### What you should do
Would you retype exactly the lines below, from the one containing "- Zeszyt w miekkiej" through the end of the entries, both ends included, but not the pictures?

### Extracted information
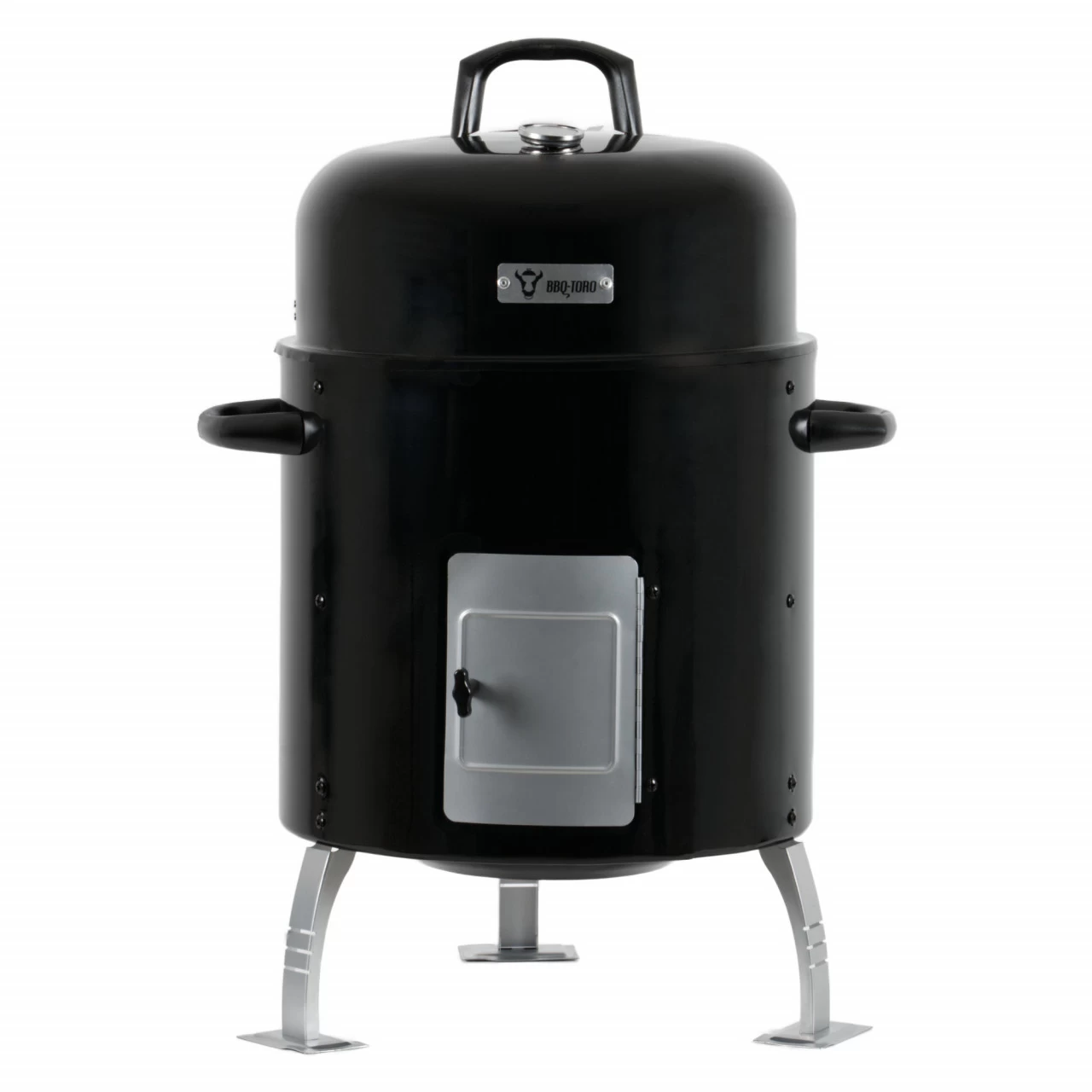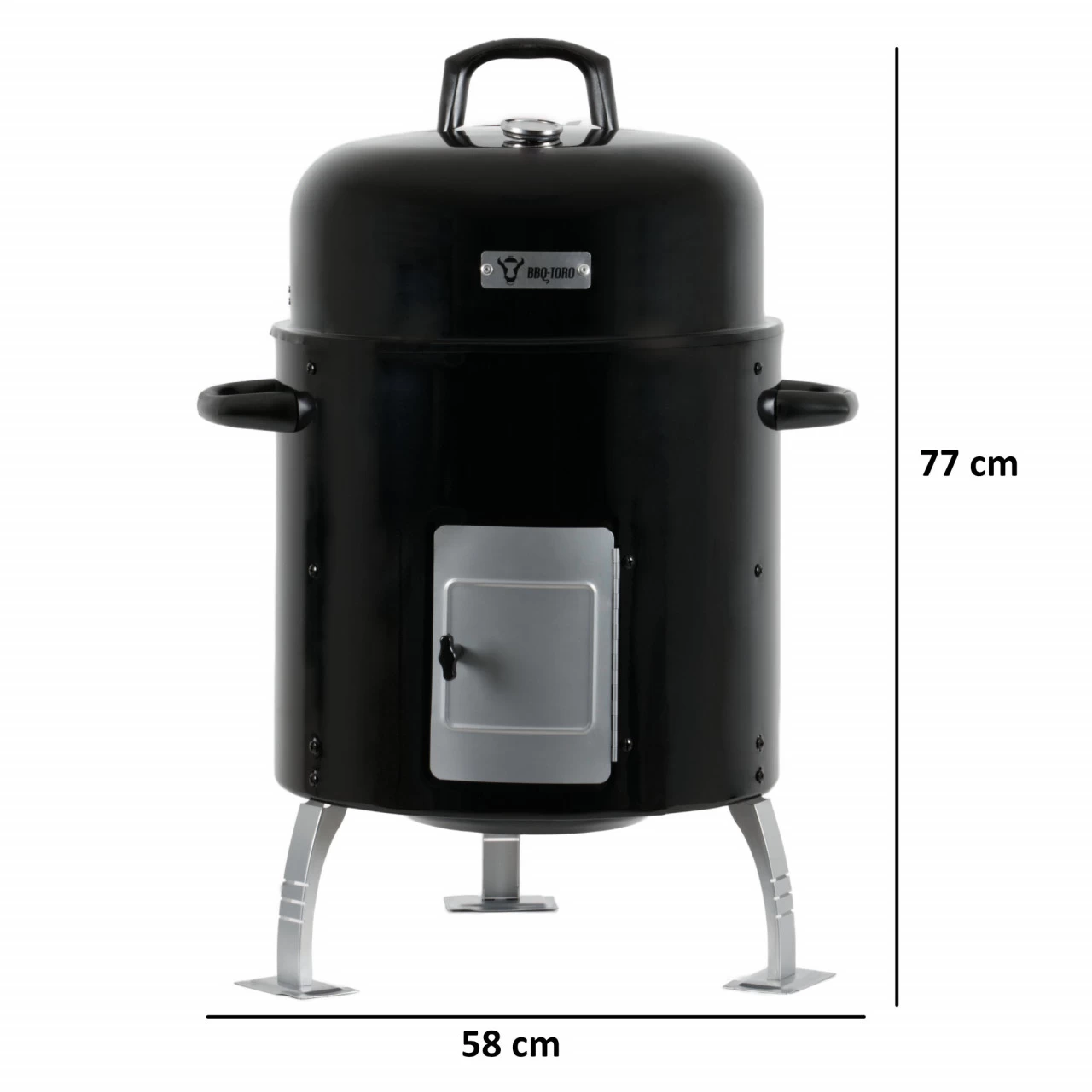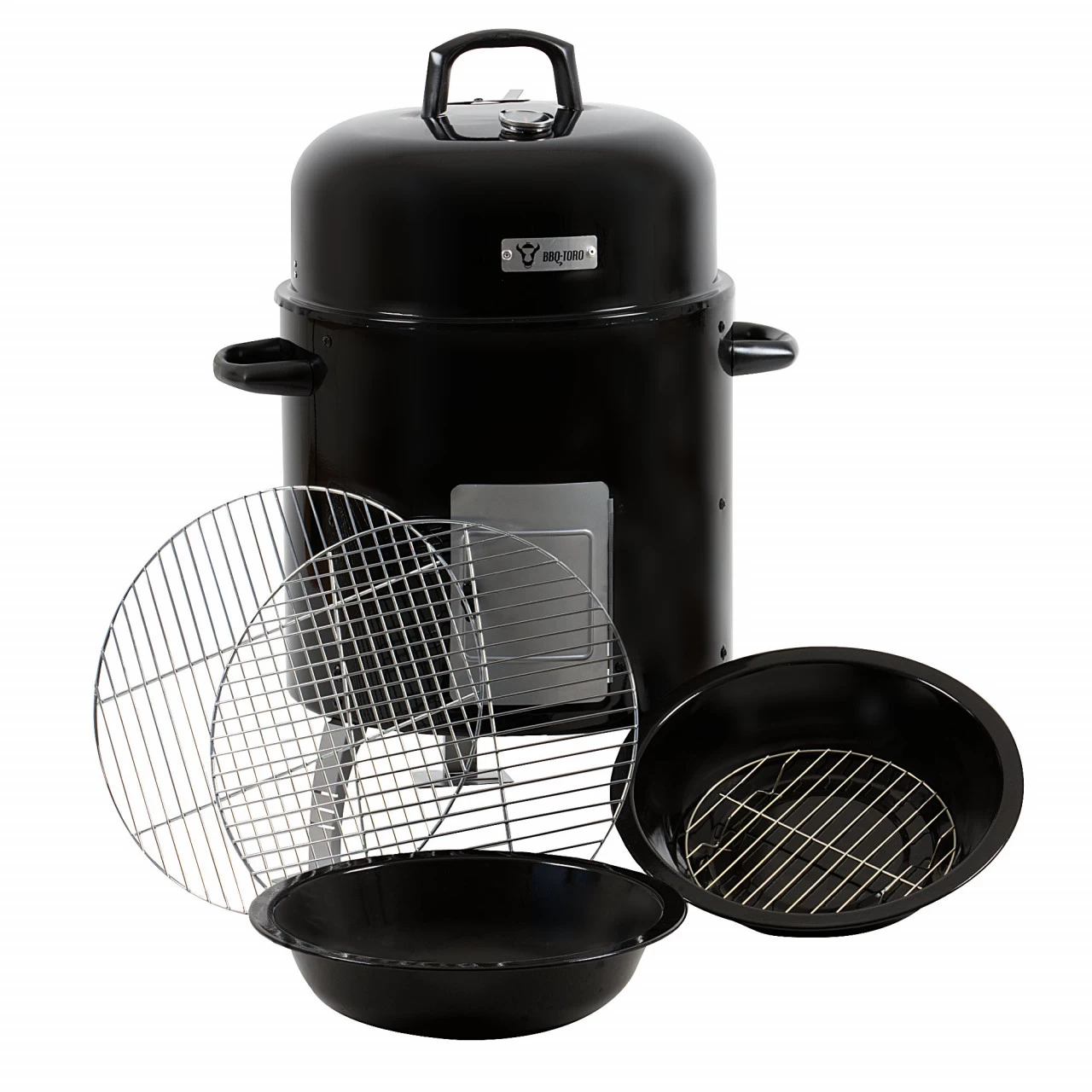 Mithilfe der integrierten Wasserwanne kann ein besserer Temperaturausgleich stattfinden und die Speisen werden saftiger. Die große Tür an der Vorderseite eignet sich ideal zum Nachlegen von Grillkohle, Briketts oder Räucherchips.
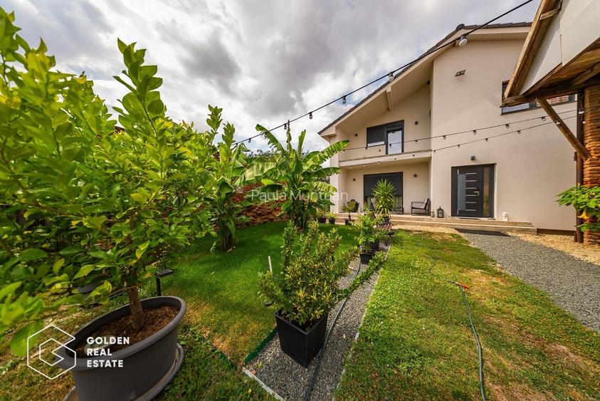 Imobilul este realizat din materiale de foarte bună calitate, începând de la fundație și zidărie, cu izolație exterioară de 15cm, cu geamuri și uși exterioare termopan, cu jaluzele electrice, cu panouri solare pentru apă caldă, cu încălzirea centrală în pardoseală, pe lemne.
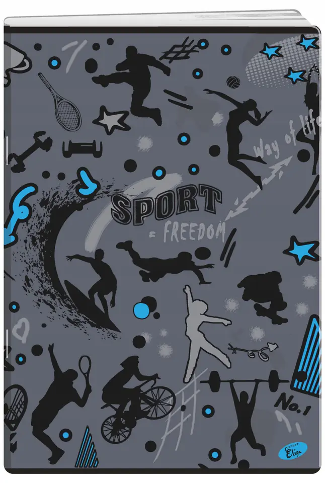 - Zeszyt w miekkiej oprawie w formacie A5 zawiera 80 kartek w linie
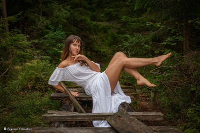 Странная композиция, честно говоря. Полное отсутствие связи между моделью и окружением.. Это поза откровенно для будуара, как и одежда, и лес с гнилыми досками как то не то что контрастируют, а скорее вносят дисгармонию..
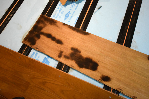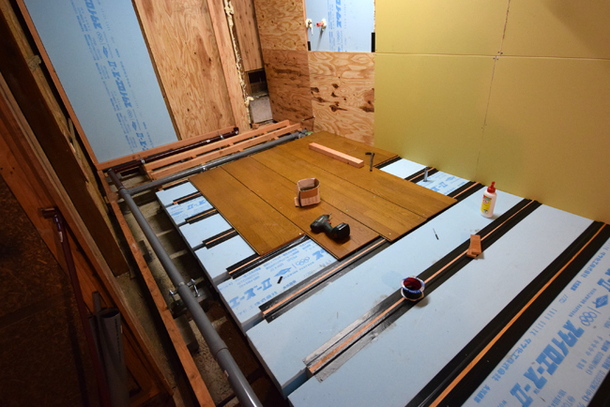 以前のキッチンを解体したときに外したフローリングが厚さ12mmあって、
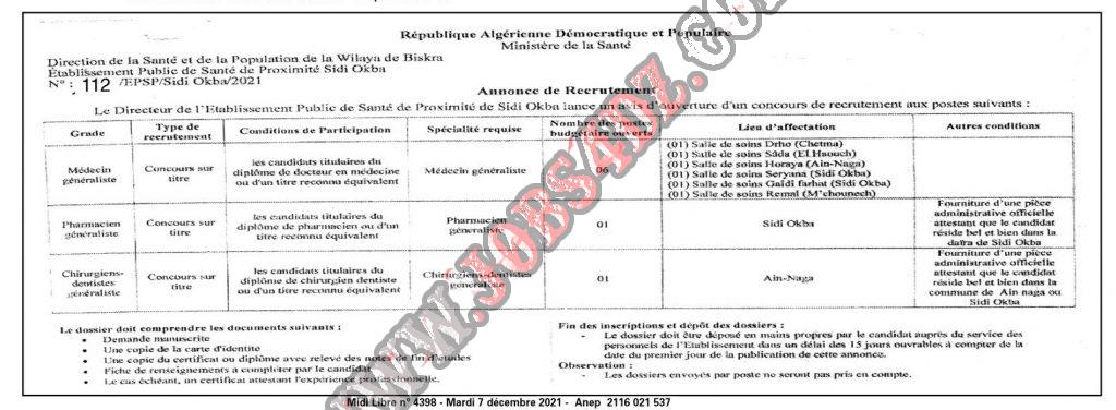 تعلن ادارة المؤسسة العمومية للصحة الجوارية سيدي عقبة بسكرة عن فتح مسابقة توظيف على اساس الشهادات في المناصب التالية

### The completed task
 - Zeszyt w miekkiej oprawie w formacie A5 zawiera 80 kartek w linie
 Странная композиция, честно говоря. Полное отсутствие связи между моделью и окружением.. Это поза откровенно для будуара, как и одежда, и лес с гнилыми досками как то не то что контрастируют, а скорее вносят дисгармонию..
 以前のキッチンを解体したときに外したフローリングが厚さ12mmあって、
 تعلن ادارة المؤسسة العمومية للصحة الجوارية سيدي عقبة بسكرة عن فتح مسابقة توظيف على اساس الشهادات في المناصب التالية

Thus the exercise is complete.